Without understanding where the workbook becomes corrupted, we have no chance at determining if it's a bug in POI or a bug in your code. Only then could we figure out if POI can raise an exception just before the workbook becomes corrupt.

> XSLFSlide slide1 = createSlide(destPPT, srcSlide, visitedLOs);
> setPic(destPPT, slide1, cvPic, CV_PH_NAME);
> setPic(destPPT, slide1, lvPic, LV_PH_NAME);
> setText(slide1, LOC_PH_NAME, locTxt);			
> 
> XSLFSlide slide2 = createSlide(destPPT, srcSlide, visitedLOs);
> setPic(destPPT, slide2, cvPic, CV_PH_NAME);
> setPic(destPPT, slide2, lvPic, LV_PH_NAME);
> setText(slide1, LOC_PH_NAME, locTxt);	//slide2???
Comment 10 Anand 2017-01-05 09:46:44 UTC
I have come this far through trial and error :) If I recollect correctly, if I did not import the source slide (i.e. only importing the source layout) I was not able to see the source slide content like the logo in the top right corner and content in the footer ...
BTW if layout is imported twice it gives org.apache.xmlbeans.impl.values.XmlValueDisconnectedException, I have got in to and passed out of that phase :)

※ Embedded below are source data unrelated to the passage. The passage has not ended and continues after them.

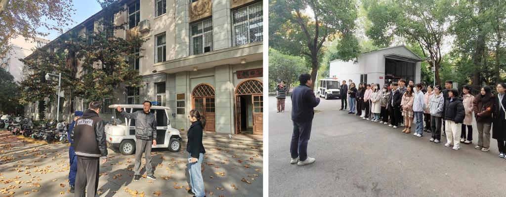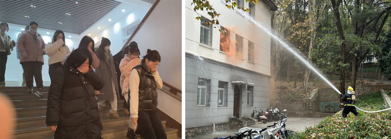 随后,党支部全体教师以景园楼为演习地点,模拟真实火灾现场,开展了消防演习活动。本次演习由校园建设与安全保卫部与艾弗森贝博ballbet官网共同组织,景园教工党支部牵头,联合研究生党员和学生志愿者共同实施。演习开始,随着预设地点起火,弥漫的烟雾触发了楼内的烟雾报警器,发现“火情”后立即启动应急预案;楼内启动消防广播系统,党员教师、研究生党员、志愿者等人迅速分楼层疏散楼内师生,直至抵达楼下广场。与此同时,消防车到达起火现场,迅速展开扑救和救援行动。灭火工作完成后,党员教师、学生们共同学习了灭火器的使用方法和操作技巧,参与了现场演练。
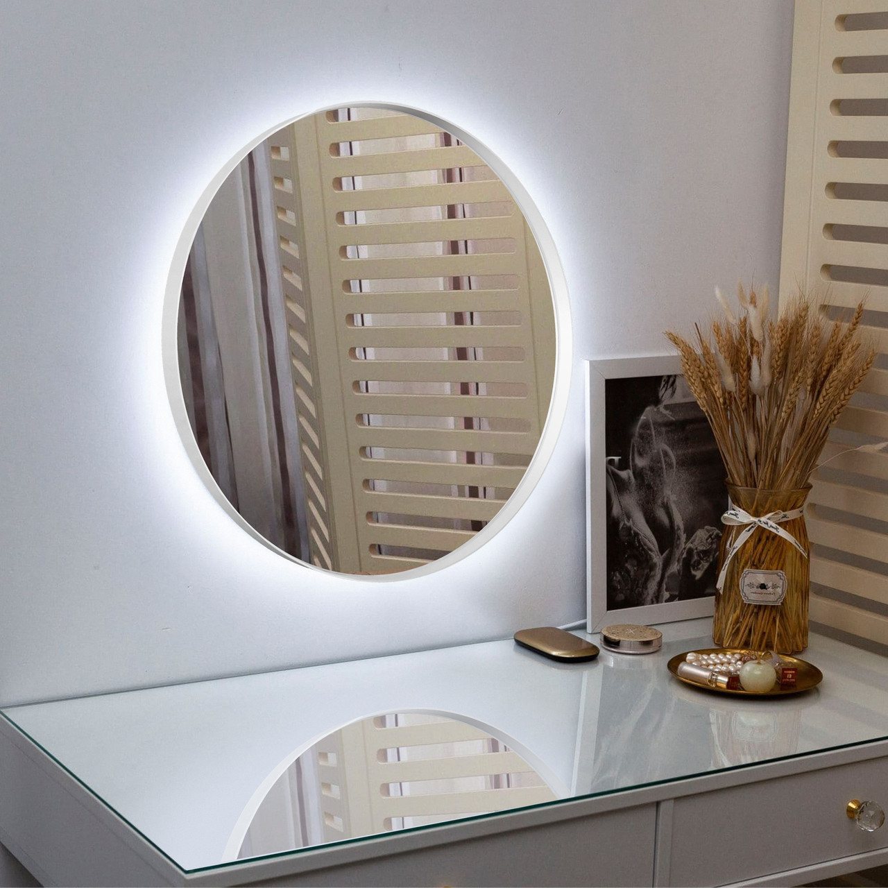 Дзеркало настінне кругле 60 см з підсвічуванням у металевій рамі. Дзеркала для передпокою, вітальні, будинку лофт Білий
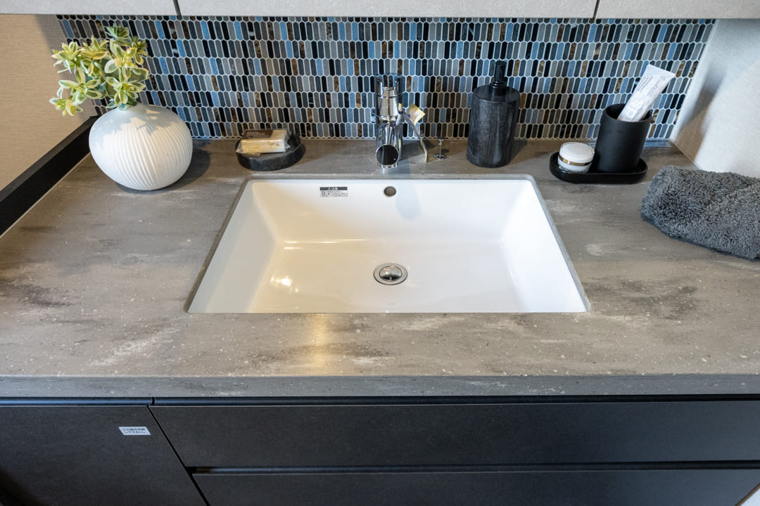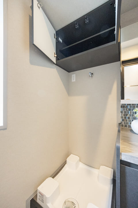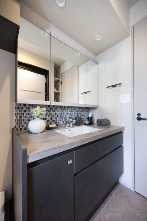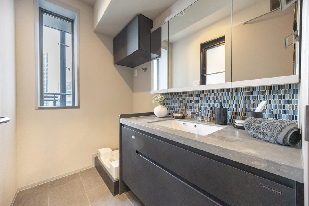 モザイクタイルがアクセントになっている洗面化粧台です。三面鏡の中に化粧品などが収納できて使い勝手良好。窓があって明るく、背面側には可動棚が造られています。
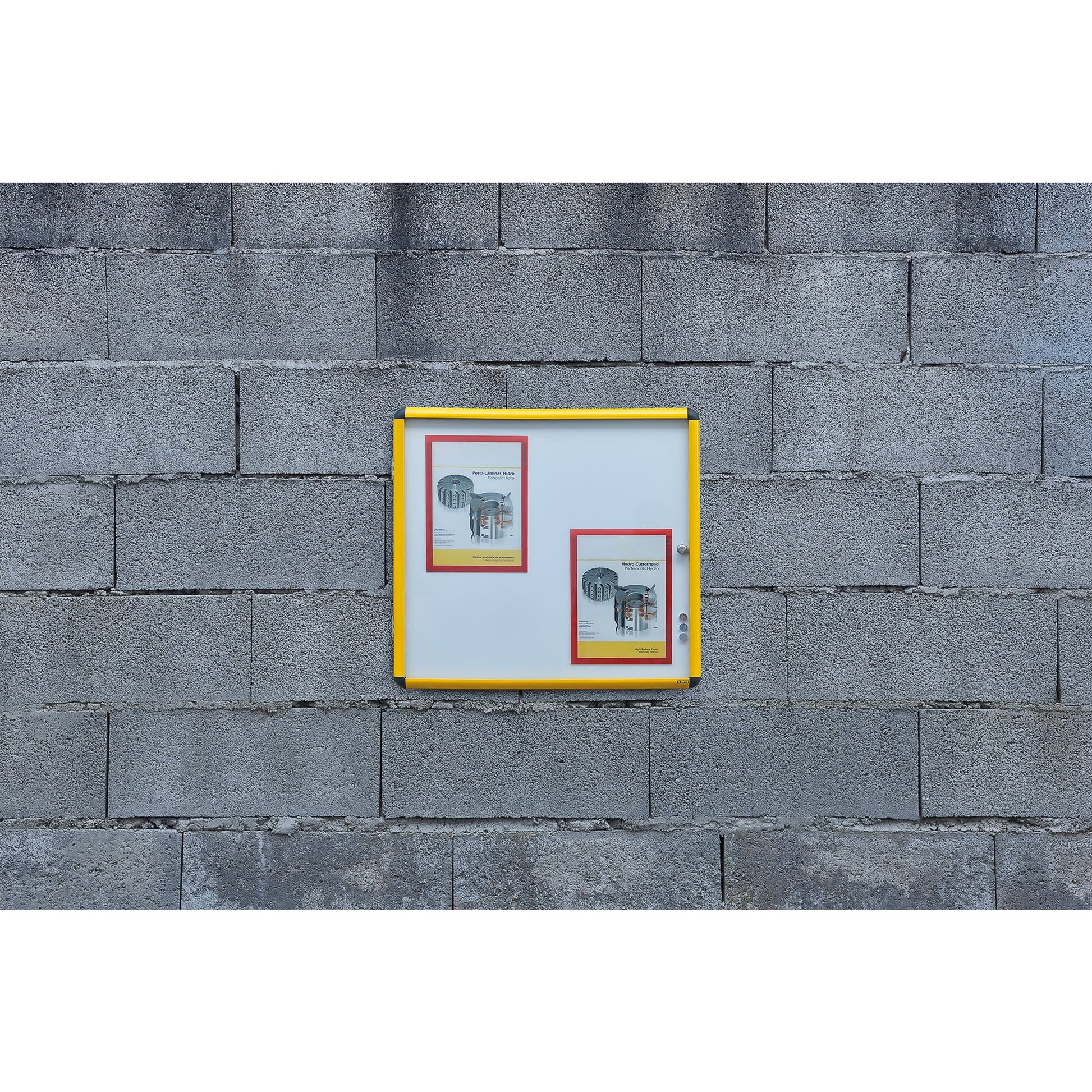 Bezeichnung: Bi-office Schaukasten Enclore Ultrabrite Innenbereich 50 x 67 x 3,5 cm (B x H x T) 4 x DIN A4 mit Schloss Aluminium gelb
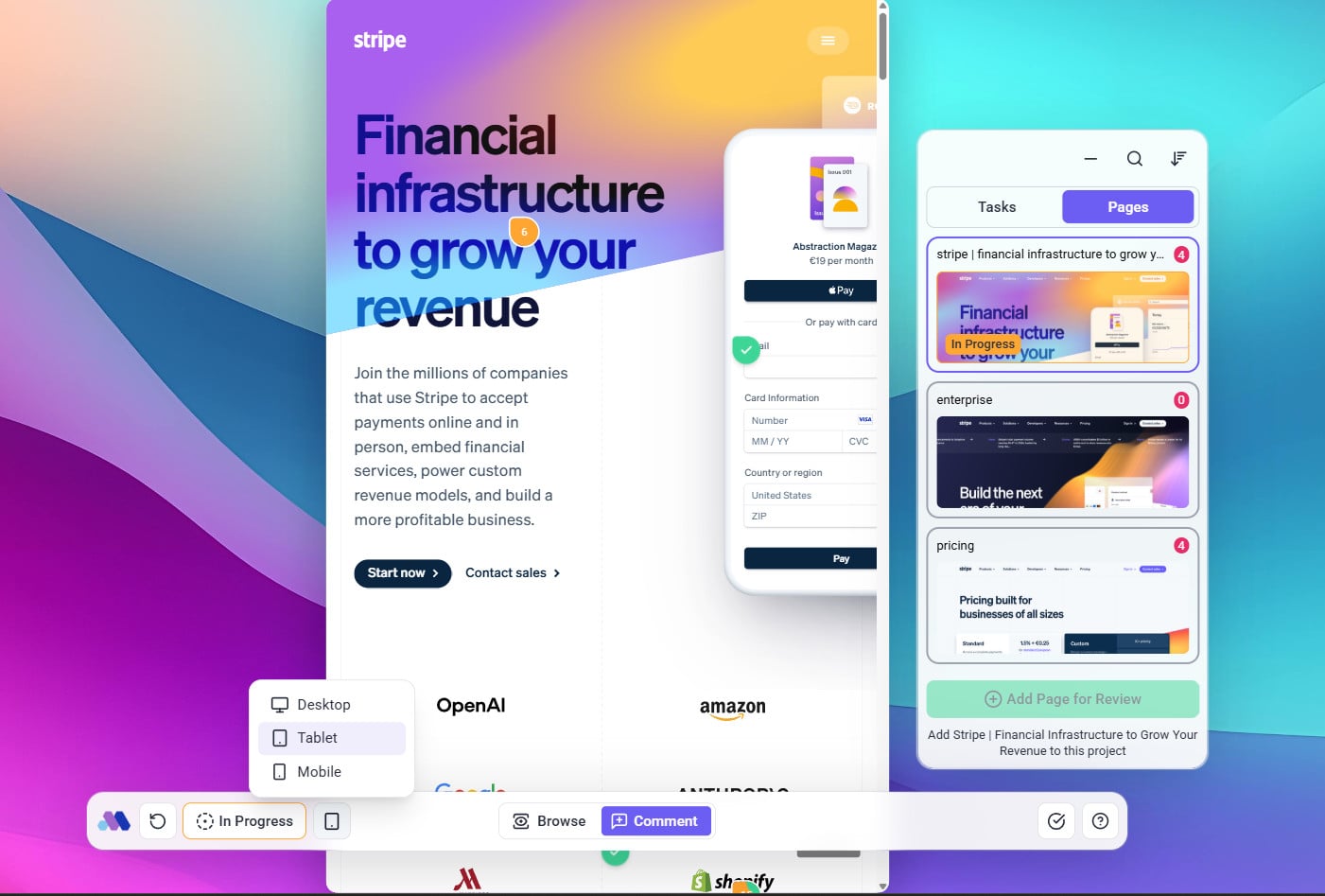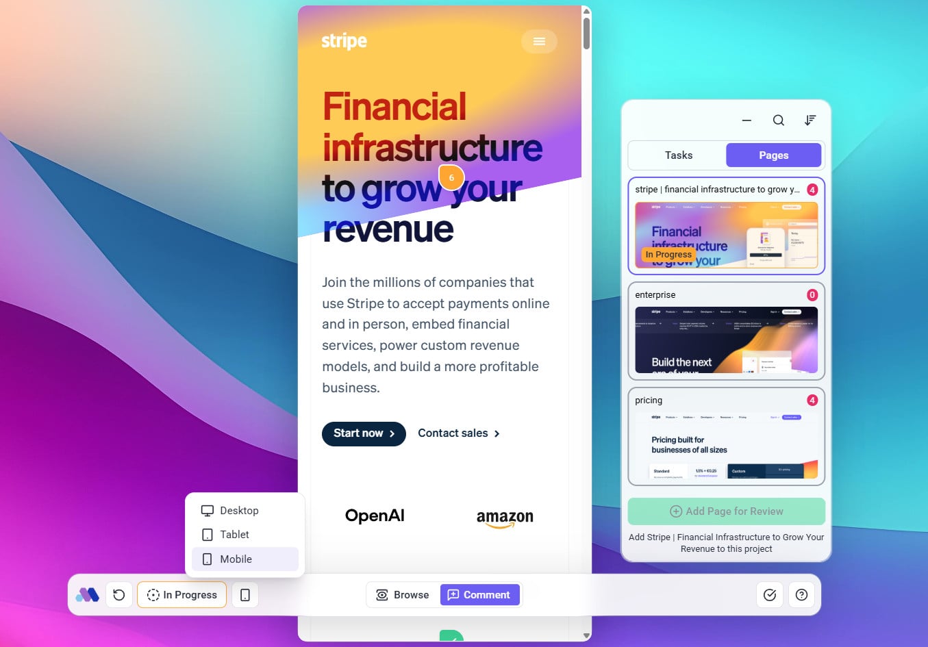Example Use Case: A client reviews a design in all three views (desktop, tablet, mobile) and leaves specific feedback, eliminating the need for separate design reviews for each breakpoint.
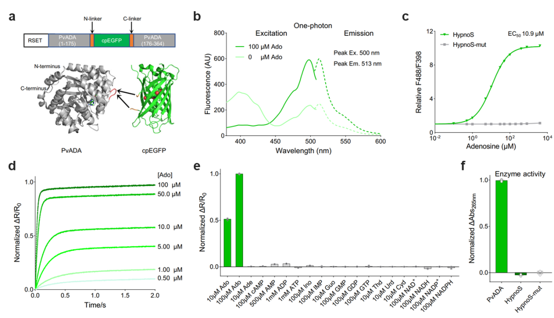研究团队基于循环重排绿色荧光蛋白(cpEGFP)与腺苷脱氨酶(PvADA),在筛选了超过3000个突变体后,成功构建了新型荧光探针HypnoS(取名古希腊神话中的“睡神”)。HypnoS具备极高的灵敏度(响应幅度>900%)、适宜的亲和力(EC50 ~11 μM)、亚秒级动力学特性及良好的选择性(图2),重要的是HypnoS表达对神经元的正常生理过程无明显影响,这些特性使其成为检测生理和病理条件下胞内腺苷变化的理想工具。
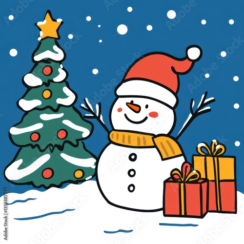 Holiday Cheer: A snowman with a festive hat and scarf stands joyfully beside a decorated Christmas tree and gift-wrapped presents, captured in a cute and happy illustration.
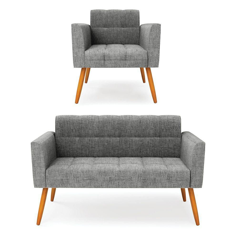 Kit 1 Sofá Namoradeira E 1 Poltrona Elisa Linho Pés Palito Castanho - D'rossi Cor A26 Grafite
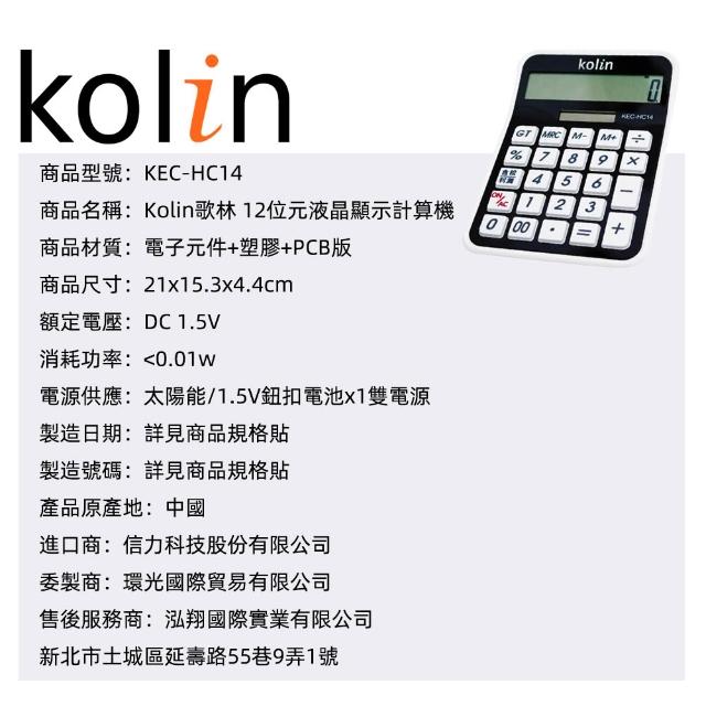Kolin 歌林Kolin 歌林 KEC-HC14 大計算機 12位元顯示 太陽能雙電源

Anyway I will try again and see what combo works.
Comment 11 Anand 2017-01-05 14:33:26 UTC
I have tried different combinations of importing layout, slide master, and slide.
If I create the slide using the layout or import only the layout PowerPoint opens the resultant file without any errors but header and footer are missing from the destination slide.
Please let me know if there's any workaround you can suggest.
Comment 12 Andreas Beeker 2018-08-13 19:21:45 UTC
Created attachment 36089 [details]
Working example

After a small copy&paste error and some refactoring, this works for me.
Tested with Libre Office and Powerpoint 2016
Comment 13 Andreas Beeker 2018-08-13 19:23:02 UTC
The attachment "Working example" was tested with the 4.0.0 SNAPSHOT trunk.